> _INPUT FOR THIS TASK_
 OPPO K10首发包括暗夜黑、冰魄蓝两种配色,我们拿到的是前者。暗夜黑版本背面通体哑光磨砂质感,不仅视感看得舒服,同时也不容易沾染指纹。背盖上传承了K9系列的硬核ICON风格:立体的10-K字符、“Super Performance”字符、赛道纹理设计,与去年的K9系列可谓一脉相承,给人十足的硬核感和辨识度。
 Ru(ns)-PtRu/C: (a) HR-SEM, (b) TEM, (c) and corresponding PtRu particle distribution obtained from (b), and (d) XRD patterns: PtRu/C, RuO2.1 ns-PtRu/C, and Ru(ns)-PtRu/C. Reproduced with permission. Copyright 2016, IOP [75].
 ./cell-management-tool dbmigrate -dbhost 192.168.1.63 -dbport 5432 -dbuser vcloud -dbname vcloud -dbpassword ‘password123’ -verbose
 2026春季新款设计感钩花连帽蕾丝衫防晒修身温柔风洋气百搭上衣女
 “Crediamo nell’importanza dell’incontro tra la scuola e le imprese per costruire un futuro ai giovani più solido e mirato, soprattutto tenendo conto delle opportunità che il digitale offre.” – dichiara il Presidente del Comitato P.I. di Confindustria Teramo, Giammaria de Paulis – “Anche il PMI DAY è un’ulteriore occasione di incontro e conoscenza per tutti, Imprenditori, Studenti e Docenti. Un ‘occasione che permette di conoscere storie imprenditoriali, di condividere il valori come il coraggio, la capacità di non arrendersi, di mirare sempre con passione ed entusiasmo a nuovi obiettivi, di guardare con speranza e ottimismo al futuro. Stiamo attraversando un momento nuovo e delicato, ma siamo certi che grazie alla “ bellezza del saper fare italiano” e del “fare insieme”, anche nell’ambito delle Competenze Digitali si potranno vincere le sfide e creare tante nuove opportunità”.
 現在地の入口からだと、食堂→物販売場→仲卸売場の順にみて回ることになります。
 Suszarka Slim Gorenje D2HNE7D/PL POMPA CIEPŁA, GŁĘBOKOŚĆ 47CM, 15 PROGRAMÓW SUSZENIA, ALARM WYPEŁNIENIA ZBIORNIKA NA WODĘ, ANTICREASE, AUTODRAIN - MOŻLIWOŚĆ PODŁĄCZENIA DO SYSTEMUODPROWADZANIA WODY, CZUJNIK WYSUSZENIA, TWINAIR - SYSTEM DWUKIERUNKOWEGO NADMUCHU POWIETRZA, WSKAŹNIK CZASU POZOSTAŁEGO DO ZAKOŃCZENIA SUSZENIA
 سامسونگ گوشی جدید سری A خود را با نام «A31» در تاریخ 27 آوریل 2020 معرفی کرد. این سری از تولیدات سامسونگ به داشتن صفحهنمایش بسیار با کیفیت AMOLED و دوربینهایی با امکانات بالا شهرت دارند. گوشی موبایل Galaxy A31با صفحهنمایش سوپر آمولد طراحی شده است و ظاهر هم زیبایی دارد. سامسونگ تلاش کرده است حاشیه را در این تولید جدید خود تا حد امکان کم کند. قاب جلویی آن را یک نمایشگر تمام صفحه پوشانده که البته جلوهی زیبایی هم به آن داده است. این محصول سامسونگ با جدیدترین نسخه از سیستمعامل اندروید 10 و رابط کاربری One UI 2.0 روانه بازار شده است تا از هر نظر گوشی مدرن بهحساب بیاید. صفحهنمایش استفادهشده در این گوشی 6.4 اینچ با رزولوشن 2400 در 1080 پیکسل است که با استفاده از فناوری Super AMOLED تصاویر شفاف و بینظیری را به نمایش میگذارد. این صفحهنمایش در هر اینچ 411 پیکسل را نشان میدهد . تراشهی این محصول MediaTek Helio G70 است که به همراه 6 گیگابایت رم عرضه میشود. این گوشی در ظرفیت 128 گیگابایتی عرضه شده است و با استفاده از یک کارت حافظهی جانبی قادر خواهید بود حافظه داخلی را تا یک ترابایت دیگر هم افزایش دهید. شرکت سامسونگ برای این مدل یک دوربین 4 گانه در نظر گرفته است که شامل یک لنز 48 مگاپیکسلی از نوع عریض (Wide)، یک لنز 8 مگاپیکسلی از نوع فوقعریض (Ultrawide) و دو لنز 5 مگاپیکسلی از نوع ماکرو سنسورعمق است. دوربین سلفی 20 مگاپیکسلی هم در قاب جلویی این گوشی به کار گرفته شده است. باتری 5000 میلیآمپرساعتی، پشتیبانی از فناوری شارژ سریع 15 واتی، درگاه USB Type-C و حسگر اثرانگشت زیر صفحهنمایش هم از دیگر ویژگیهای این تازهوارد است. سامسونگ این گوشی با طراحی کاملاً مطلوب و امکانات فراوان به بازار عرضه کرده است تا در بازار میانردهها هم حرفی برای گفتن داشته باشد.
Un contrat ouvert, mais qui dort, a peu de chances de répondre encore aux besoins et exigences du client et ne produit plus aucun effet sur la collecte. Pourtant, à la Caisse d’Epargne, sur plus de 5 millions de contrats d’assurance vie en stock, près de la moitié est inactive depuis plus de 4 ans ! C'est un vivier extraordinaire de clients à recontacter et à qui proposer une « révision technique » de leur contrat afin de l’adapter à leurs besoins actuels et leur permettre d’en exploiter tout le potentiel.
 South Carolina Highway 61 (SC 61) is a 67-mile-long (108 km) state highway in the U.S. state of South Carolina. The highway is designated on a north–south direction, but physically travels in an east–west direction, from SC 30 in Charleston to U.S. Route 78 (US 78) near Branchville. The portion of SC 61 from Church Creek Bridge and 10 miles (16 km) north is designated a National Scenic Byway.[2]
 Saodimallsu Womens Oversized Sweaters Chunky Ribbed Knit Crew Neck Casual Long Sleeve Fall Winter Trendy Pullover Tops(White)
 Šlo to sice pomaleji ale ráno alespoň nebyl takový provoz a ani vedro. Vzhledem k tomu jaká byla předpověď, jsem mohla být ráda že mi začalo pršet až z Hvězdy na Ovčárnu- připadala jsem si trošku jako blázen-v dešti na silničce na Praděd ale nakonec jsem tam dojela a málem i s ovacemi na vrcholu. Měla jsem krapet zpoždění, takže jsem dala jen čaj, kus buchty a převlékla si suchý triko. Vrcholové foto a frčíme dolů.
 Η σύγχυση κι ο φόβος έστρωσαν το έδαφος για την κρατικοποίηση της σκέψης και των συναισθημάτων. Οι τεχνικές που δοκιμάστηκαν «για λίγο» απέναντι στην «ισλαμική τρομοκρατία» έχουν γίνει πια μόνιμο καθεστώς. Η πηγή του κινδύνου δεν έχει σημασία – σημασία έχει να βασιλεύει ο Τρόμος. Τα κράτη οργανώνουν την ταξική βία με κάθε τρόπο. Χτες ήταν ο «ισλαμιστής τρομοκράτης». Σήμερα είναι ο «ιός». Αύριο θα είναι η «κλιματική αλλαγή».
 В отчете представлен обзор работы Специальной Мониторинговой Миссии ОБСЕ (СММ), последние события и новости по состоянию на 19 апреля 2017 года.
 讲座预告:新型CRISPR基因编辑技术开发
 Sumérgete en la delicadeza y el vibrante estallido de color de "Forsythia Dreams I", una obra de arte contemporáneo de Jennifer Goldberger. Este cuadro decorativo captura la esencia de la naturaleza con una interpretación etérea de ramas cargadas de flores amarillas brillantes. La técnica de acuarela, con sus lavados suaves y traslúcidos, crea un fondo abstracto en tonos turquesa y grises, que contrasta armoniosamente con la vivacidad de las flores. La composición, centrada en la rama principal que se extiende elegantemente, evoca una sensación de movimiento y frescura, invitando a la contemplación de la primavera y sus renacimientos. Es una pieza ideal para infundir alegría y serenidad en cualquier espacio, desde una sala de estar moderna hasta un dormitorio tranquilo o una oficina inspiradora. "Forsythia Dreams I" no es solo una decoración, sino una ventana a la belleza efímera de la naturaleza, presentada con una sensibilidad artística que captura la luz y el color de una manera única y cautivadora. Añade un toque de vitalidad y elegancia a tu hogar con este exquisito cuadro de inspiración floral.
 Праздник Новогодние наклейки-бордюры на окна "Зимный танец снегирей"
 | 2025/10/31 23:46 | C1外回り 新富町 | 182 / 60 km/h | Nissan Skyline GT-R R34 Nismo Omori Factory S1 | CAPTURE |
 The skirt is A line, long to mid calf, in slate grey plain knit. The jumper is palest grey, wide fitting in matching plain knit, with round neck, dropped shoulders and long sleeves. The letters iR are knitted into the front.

> _REQUIRED WORK_
Please report every line among the entries that includes "with".

> _EXPECTED ANSWER_
 Ru(ns)-PtRu/C: (a) HR-SEM, (b) TEM, (c) and corresponding PtRu particle distribution obtained from (b), and (d) XRD patterns: PtRu/C, RuO2.1 ns-PtRu/C, and Ru(ns)-PtRu/C. Reproduced with permission. Copyright 2016, IOP [75].
 The skirt is A line, long to mid calf, in slate grey plain knit. The jumper is palest grey, wide fitting in matching plain knit, with round neck, dropped shoulders and long sleeves. The letters iR are knitted into the front.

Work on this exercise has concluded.